What you return should be the lines from the one with "兰思仁欢迎费祖雷一行的到来,感谢前不久中" through the one with "This bag of" in the data below, reproduced exactly with both ends, and no pictures at all.

*Material provided*.
——

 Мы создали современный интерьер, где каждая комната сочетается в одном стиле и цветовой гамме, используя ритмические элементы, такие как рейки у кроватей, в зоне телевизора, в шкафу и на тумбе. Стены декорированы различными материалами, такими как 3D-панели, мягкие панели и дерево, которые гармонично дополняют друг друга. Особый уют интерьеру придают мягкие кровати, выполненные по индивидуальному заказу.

——

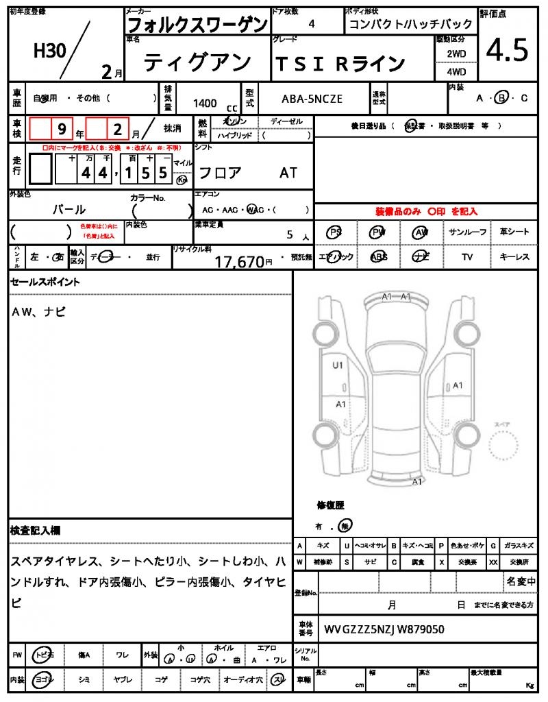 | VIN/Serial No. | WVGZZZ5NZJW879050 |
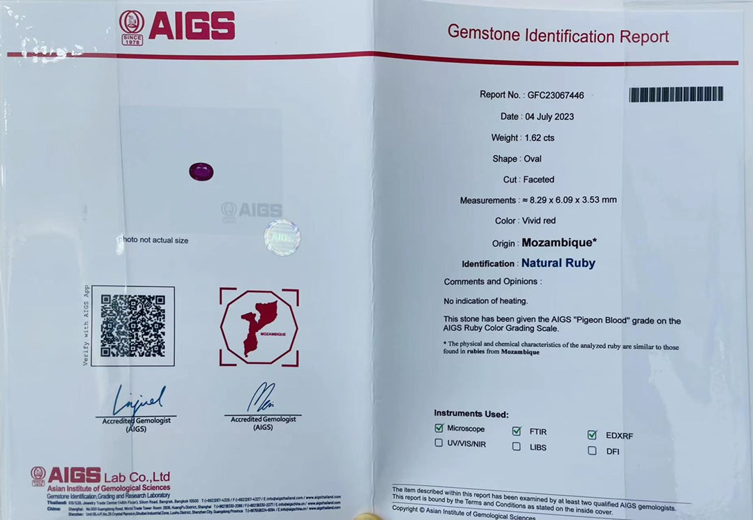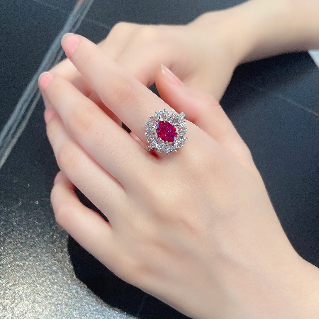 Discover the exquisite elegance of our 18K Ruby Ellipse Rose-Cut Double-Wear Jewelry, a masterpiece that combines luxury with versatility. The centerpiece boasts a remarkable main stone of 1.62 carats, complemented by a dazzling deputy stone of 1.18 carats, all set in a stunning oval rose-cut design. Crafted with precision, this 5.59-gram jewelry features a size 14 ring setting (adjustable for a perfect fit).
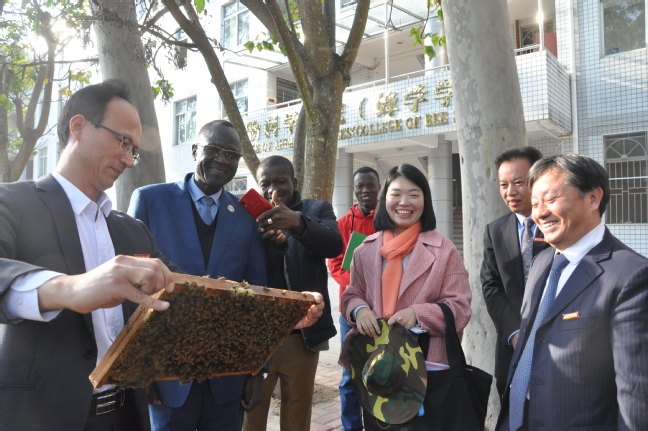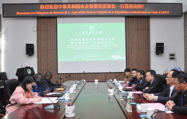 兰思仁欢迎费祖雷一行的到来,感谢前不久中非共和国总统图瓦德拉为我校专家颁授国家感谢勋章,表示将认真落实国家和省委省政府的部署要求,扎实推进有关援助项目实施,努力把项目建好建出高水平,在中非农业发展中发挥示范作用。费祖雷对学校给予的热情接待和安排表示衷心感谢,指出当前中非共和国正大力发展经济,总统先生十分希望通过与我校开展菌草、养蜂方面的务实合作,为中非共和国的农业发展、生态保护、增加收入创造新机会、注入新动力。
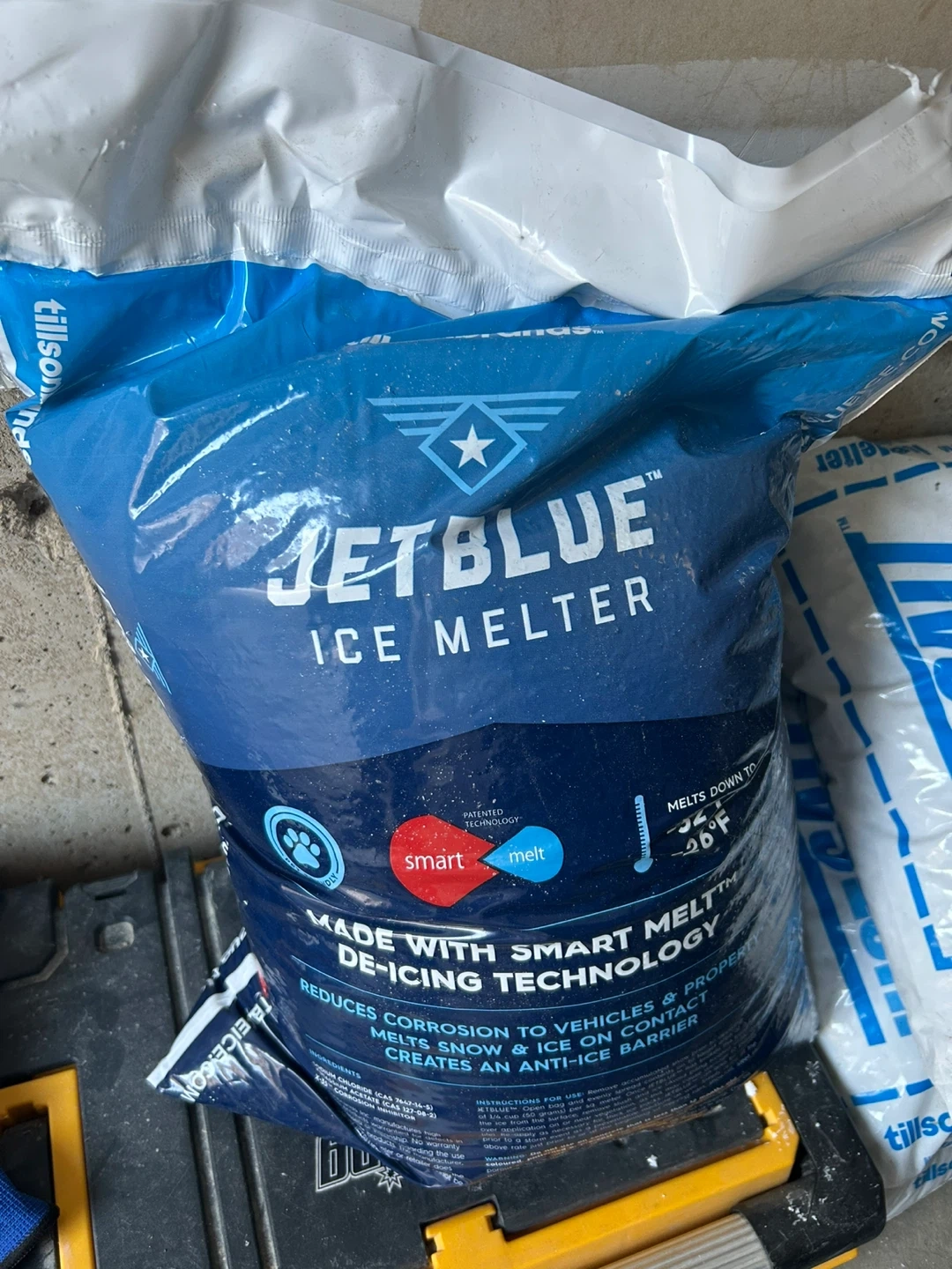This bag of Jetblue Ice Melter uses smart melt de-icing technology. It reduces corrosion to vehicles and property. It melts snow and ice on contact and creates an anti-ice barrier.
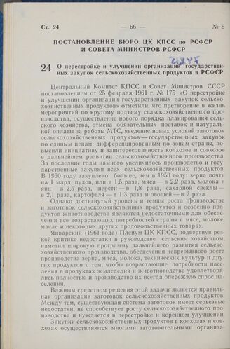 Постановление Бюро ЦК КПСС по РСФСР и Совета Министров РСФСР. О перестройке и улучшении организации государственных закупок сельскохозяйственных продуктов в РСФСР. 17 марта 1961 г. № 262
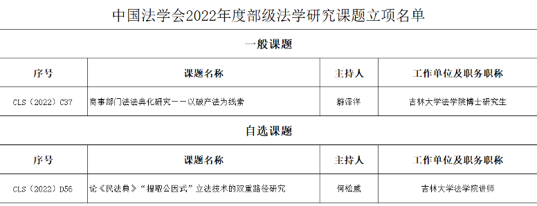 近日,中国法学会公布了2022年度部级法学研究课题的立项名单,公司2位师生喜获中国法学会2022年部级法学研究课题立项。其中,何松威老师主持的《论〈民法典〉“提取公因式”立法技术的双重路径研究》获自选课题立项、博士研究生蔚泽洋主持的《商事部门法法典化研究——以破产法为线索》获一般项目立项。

——

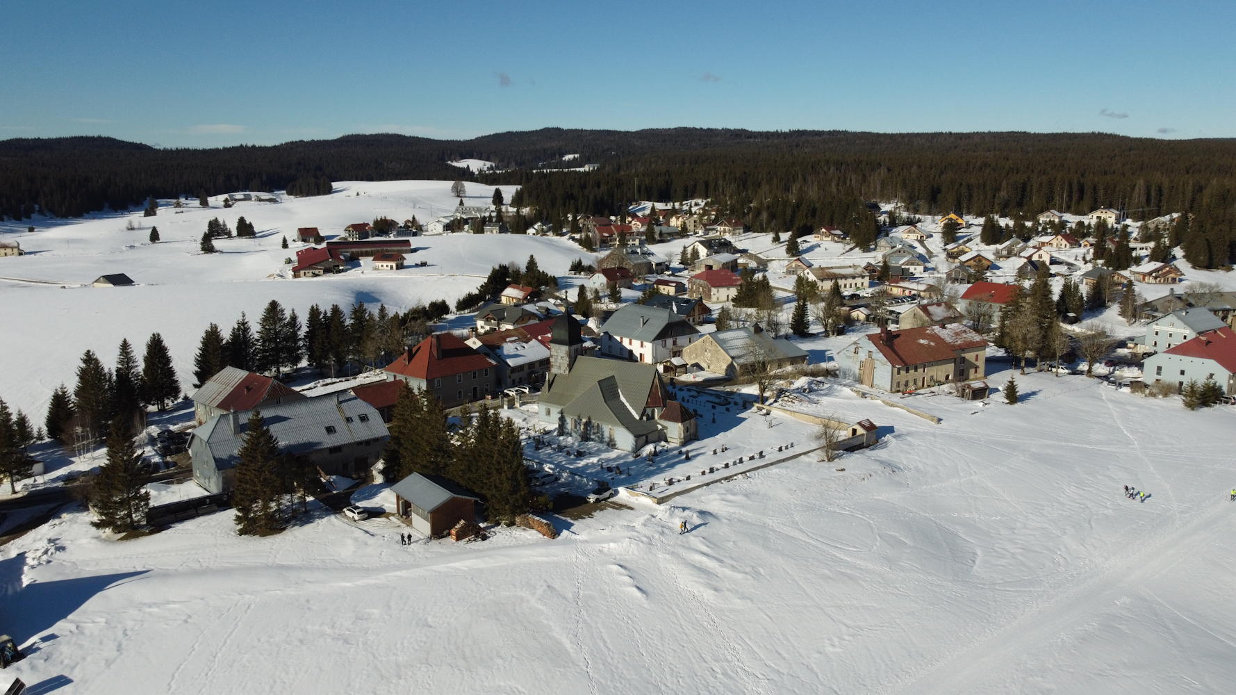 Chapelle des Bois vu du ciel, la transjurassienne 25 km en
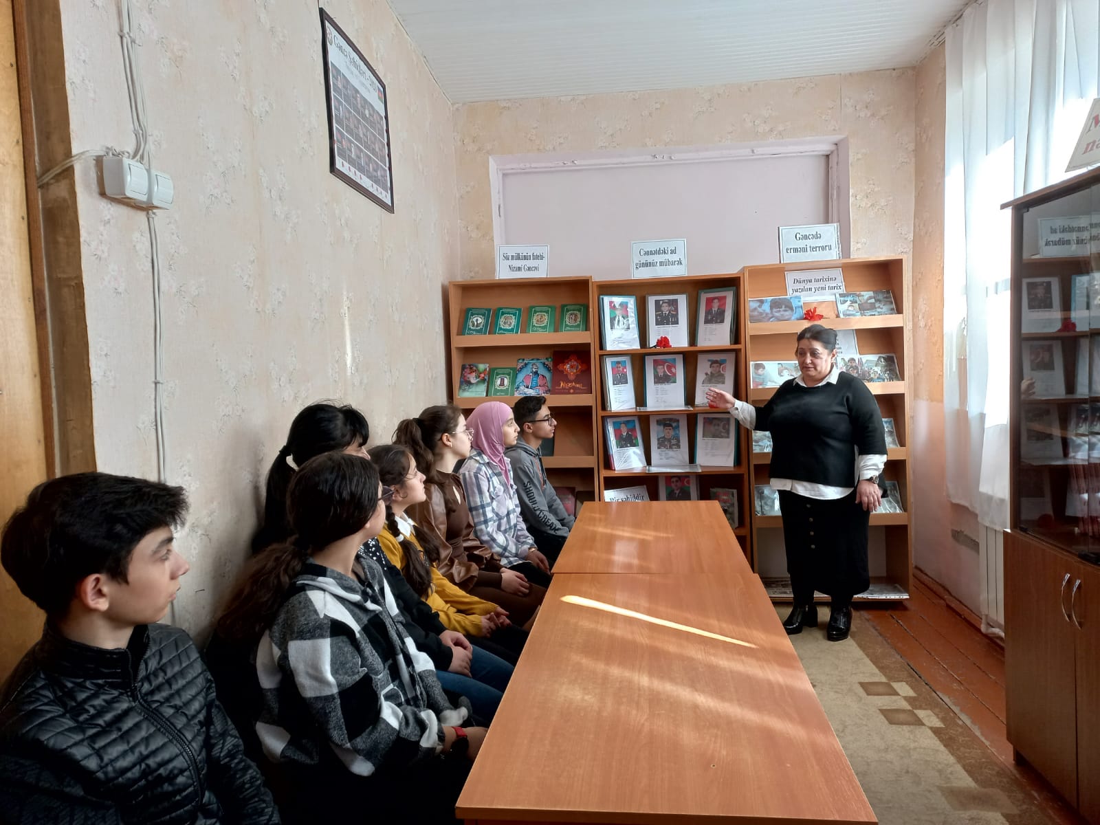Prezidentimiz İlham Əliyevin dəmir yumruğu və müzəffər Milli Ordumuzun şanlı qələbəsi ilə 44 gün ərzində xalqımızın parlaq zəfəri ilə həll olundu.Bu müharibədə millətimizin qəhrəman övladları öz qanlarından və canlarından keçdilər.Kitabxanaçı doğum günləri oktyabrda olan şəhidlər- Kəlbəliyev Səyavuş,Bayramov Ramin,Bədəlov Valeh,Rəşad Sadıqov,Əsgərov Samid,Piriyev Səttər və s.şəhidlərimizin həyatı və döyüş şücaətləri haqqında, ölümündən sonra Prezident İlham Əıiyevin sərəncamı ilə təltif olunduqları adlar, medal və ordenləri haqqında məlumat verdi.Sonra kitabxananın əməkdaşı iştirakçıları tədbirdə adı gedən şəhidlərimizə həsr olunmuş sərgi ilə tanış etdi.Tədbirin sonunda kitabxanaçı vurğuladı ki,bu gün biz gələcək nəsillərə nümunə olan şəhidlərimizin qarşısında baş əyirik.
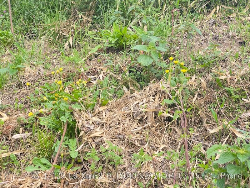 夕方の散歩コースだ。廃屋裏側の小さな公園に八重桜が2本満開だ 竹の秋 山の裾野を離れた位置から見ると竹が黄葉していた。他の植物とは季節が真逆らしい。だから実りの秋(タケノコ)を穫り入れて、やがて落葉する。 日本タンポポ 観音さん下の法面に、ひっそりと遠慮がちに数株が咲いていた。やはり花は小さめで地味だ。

——

*Solution for this problem*.
 兰思仁欢迎费祖雷一行的到来,感谢前不久中非共和国总统图瓦德拉为我校专家颁授国家感谢勋章,表示将认真落实国家和省委省政府的部署要求,扎实推进有关援助项目实施,努力把项目建好建出高水平,在中非农业发展中发挥示范作用。费祖雷对学校给予的热情接待和安排表示衷心感谢,指出当前中非共和国正大力发展经济,总统先生十分希望通过与我校开展菌草、养蜂方面的务实合作,为中非共和国的农业发展、生态保护、增加收入创造新机会、注入新动力。
This bag of Jetblue Ice Melter uses smart melt de-icing technology. It reduces corrosion to vehicles and property. It melts snow and ice on contact and creates an anti-ice barrier.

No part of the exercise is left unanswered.